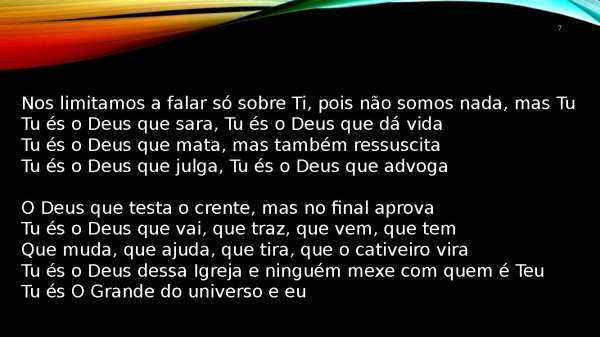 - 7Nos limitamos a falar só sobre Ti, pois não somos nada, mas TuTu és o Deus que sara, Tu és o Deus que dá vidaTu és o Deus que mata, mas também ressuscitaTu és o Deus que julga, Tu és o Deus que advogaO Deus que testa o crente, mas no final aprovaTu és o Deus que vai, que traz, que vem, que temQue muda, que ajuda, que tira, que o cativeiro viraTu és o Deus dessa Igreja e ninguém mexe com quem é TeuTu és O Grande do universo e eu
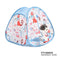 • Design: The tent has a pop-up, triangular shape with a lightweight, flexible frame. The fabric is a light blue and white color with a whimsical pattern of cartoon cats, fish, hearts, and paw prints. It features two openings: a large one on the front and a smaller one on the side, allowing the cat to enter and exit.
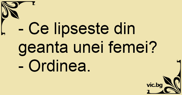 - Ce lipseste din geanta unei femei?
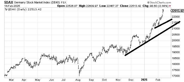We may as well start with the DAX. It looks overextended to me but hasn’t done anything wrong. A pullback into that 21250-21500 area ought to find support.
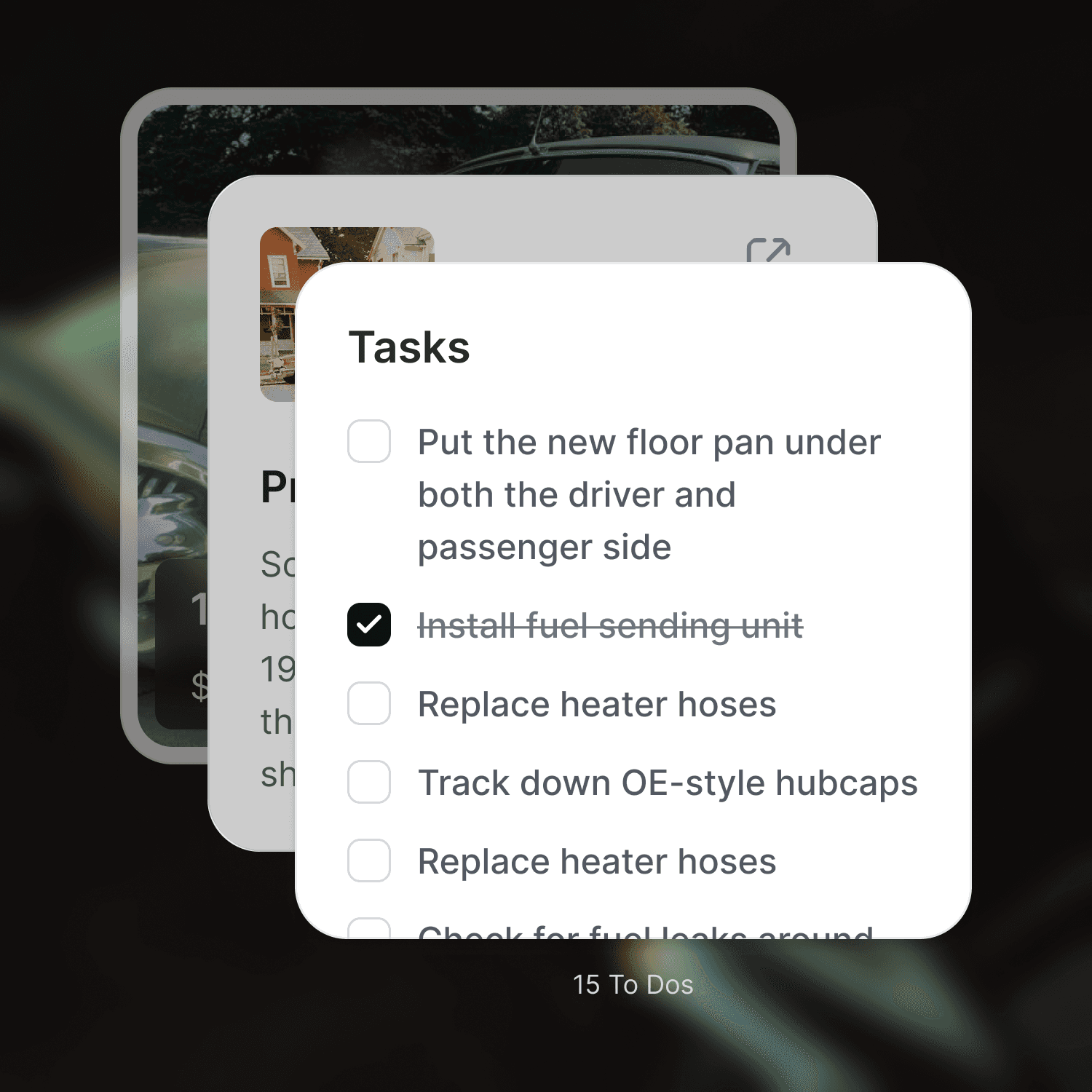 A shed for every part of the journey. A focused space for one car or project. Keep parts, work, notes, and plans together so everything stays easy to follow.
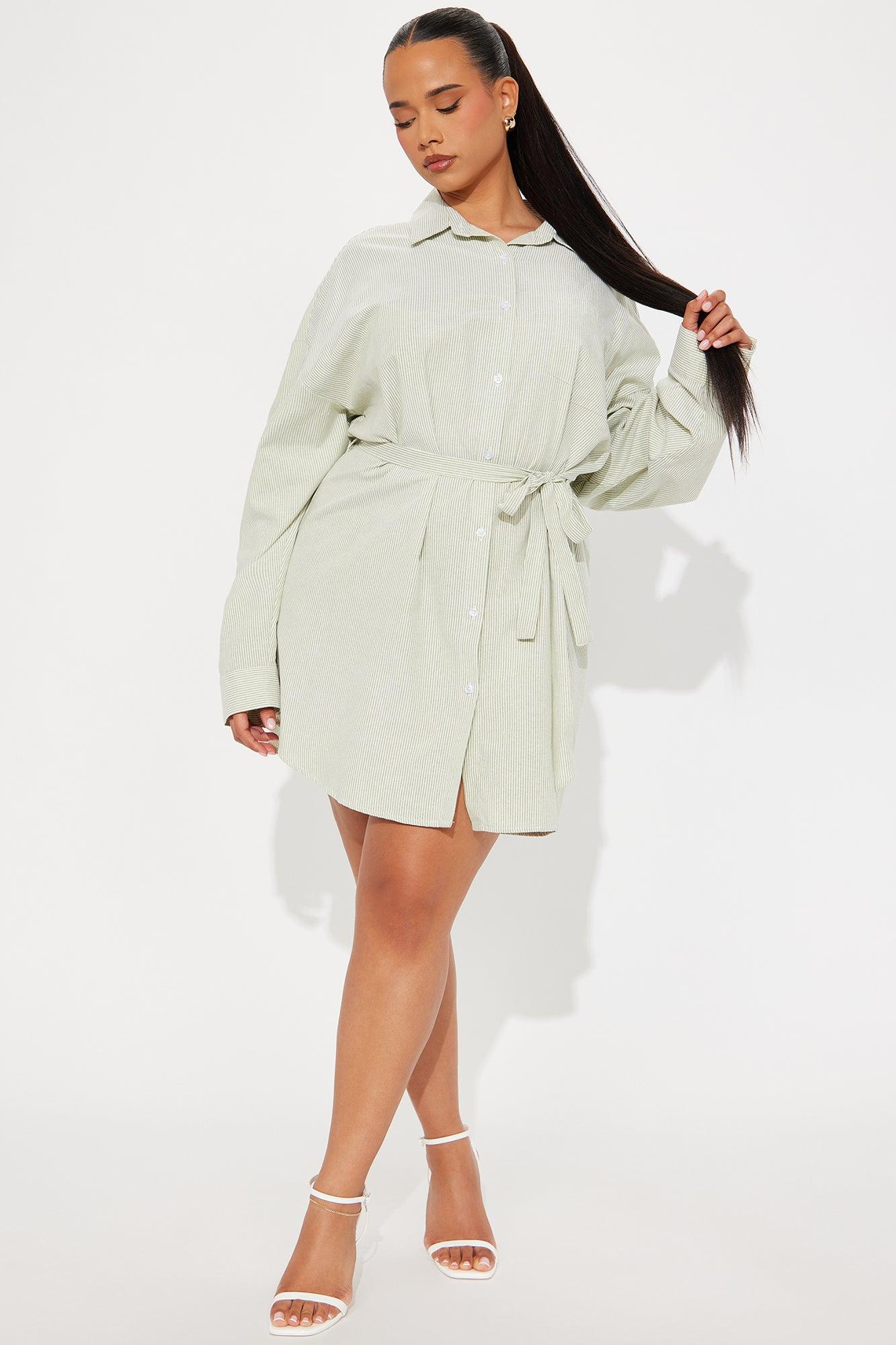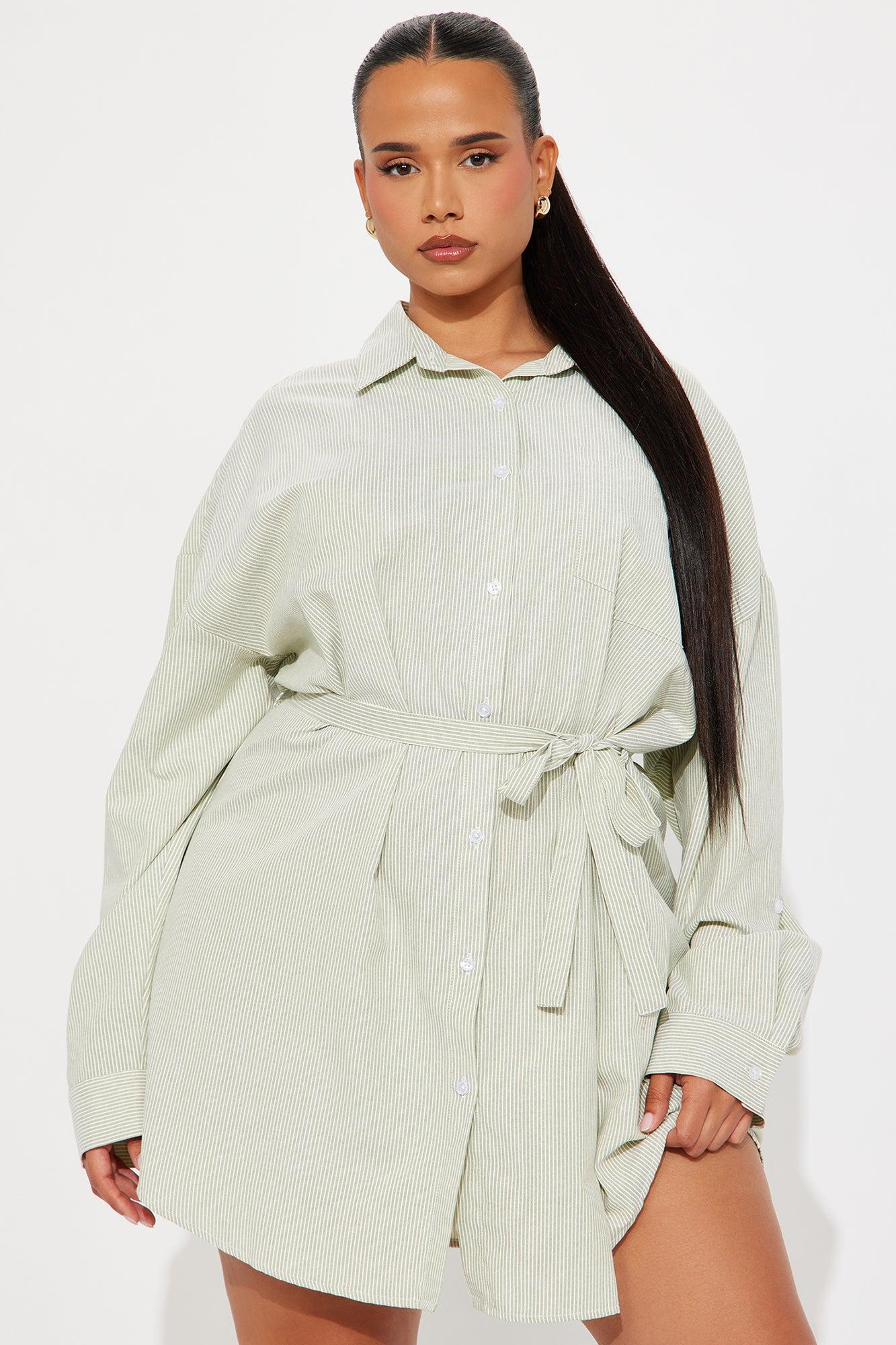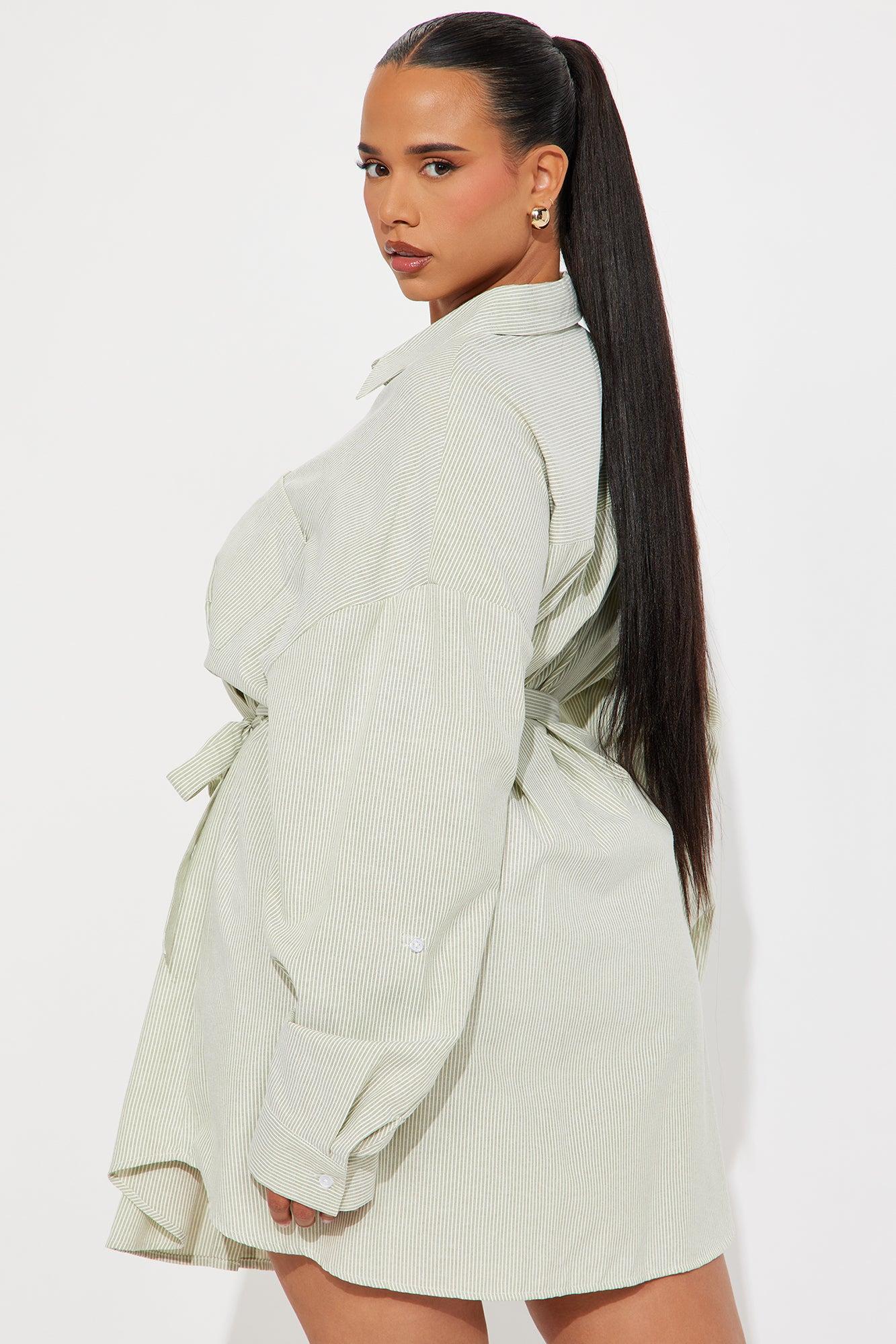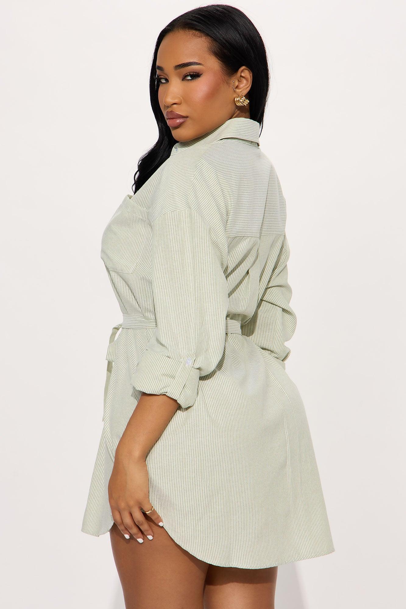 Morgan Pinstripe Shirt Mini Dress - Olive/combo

=== What is expected ===
What's needed is a word-for-word retyping of the listing, minus its pictures.

=== Written reply ===
 - 7Nos limitamos a falar só sobre Ti, pois não somos nada, mas TuTu és o Deus que sara, Tu és o Deus que dá vidaTu és o Deus que mata, mas também ressuscitaTu és o Deus que julga, Tu és o Deus que advogaO Deus que testa o crente, mas no final aprovaTu és o Deus que vai, que traz, que vem, que temQue muda, que ajuda, que tira, que o cativeiro viraTu és o Deus dessa Igreja e ninguém mexe com quem é TeuTu és O Grande do universo e eu
 • Design: The tent has a pop-up, triangular shape with a lightweight, flexible frame. The fabric is a light blue and white color with a whimsical pattern of cartoon cats, fish, hearts, and paw prints. It features two openings: a large one on the front and a smaller one on the side, allowing the cat to enter and exit.
 - Ce lipseste din geanta unei femei?
We may as well start with the DAX. It looks overextended to me but hasn’t done anything wrong. A pullback into that 21250-21500 area ought to find support.
 A shed for every part of the journey. A focused space for one car or project. Keep parts, work, notes, and plans together so everything stays easy to follow.
 Morgan Pinstripe Shirt Mini Dress - Olive/combo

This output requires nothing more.